B. Government Contracting and Procurement

On January 19, an oil and gas company agreed to pay $34.6 million to resolve allegations it knowingly underpaid royalties owed on oil and gas produced from federal lands. Specifically, the government alleged that the company submitted royalty payments to the federal government based on estimates and subsequently failed to make follow-up payments based on actual volumes and values as required by its agreements with the government. The company received credit under the settlement for cooperation by assisting with the determination of losses.[37]
On January 30, a technology company agreed to pay $5 million to resolve allegations that it falsely overstated cost and pricing data in a subcontract proposal to the U.S. Army. Specifically, the government alleged that the company overstated its costs to a primary contractor who was negotiating with the Army, and that the primary contractor then relied on those estimated costs when negotiating its contract, leading to significant overcharges. The settlement resolves a related qui tam suit for which the relator will receive $900,000.[38]
On January 30, a Virginia-based consulting agency and its parent company agreed to pay $3.9 million to resolve allegations that it made false statements about its status as a women-owned small business (WOSB) to obtain a Defense Health Agency contract regarding providing doctors to an Air Force treatment facility that had been set aside for WOSBs. In particular, the government alleged that the consulting company forfeited its WOSBs status when it failed to update its size certifications post-acquisition as required, and when asked by the government’s contracting official. The company was awarded the contract based on the allegedly false representation when it would not have been eligible had it provided correct information. This settlement resolved a qui tam action brought by an entity healthcare and support services provider, which purportedly discovered the misrepresentations through a report it developed to analyze Defense Health Agency contracts.[39] The settlement amount reflects cooperation from the companies during the government’s investigation.[40]
On March 12, an information and advisory services company agreed to pay $37 million to settle allegations that it violated the FCA and the Financial Institutions Reform, Recovery and Enforcement Act it used data in violation of its government contracts. The government alleged that over a month-long period, the company improperly accessed, retained, and anonymized credit card data it received under various government contracts, which it subsequently used to create proxy data that was incorporated into products and services sold to commercial customers. The company failed to disclose this behavior both to the government and to the commercial clients to whom it sold the products.[41]
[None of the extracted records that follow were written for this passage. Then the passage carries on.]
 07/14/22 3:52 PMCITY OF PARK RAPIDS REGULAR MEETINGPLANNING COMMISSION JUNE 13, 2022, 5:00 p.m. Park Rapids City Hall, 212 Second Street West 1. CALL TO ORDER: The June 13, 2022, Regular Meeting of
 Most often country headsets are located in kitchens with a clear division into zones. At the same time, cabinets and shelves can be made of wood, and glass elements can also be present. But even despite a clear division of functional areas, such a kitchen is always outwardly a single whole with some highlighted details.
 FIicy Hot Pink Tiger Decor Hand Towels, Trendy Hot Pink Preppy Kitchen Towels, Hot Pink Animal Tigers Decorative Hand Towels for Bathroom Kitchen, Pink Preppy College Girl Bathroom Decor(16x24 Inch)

On April 23, a company responsible for managing and operating a National Nuclear Security Administration site agreed to pay $18.4 million to settle liability for overpayments that resulted from production technicians submitting falsified timesheets over a six-year period. The company received credit under the settlement for self-disclosing the misconduct, cooperating with the government’s investigation, and for undertaking remediation efforts (including terminating the personnel who engaged in the misconduct).[42]
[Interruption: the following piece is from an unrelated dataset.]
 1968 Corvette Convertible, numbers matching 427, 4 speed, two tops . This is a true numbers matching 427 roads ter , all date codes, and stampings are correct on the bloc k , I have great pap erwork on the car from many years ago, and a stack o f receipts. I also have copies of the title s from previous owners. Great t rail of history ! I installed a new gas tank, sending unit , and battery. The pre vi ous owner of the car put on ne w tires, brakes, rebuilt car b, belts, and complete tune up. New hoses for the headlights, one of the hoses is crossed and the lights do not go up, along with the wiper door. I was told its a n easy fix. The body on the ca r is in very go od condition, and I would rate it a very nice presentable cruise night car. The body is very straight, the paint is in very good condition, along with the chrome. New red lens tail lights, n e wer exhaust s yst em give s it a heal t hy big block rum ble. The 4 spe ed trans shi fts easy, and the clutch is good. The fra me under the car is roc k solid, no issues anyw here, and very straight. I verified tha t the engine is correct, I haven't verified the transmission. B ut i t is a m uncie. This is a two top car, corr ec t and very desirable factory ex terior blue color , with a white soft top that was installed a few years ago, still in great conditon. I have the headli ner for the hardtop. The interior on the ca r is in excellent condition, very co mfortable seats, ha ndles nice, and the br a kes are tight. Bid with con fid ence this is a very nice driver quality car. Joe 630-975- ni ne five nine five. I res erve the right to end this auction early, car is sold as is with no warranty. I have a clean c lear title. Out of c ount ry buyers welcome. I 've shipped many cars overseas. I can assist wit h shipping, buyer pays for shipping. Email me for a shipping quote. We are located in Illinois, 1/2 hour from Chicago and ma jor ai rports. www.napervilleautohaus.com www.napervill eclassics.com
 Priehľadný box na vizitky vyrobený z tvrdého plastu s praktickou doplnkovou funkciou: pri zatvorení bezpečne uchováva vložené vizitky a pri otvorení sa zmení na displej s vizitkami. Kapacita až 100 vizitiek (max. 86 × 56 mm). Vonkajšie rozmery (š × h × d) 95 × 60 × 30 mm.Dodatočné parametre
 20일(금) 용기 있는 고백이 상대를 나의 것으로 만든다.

On June 6, a Canadian manufacturer of protective head gear for U.S. military and law enforcement use agreed to pay approximately $2.5 million to resolve claims that it used foreign-sourced materials in its production of helmet inserts in violation of the Berry Amendment. The company sold its products to the U.S. military under the Defense Logistics Agency’s Special Operational Equipment Tailored Logistic Support Program, which requires that textiles be sourced from the United States in compliance with the Berry Amendment. The government initiated an investigation involving the US Department of Defense, the Defense Criminal Investigative Service, and the Department of the Army Criminal Investigation Division after receiving a complaint from the DLA hotline. The settlement amount reflected that the company accepted responsibility, cooperated with the government’s investigation, and implemented compliance measures.[43]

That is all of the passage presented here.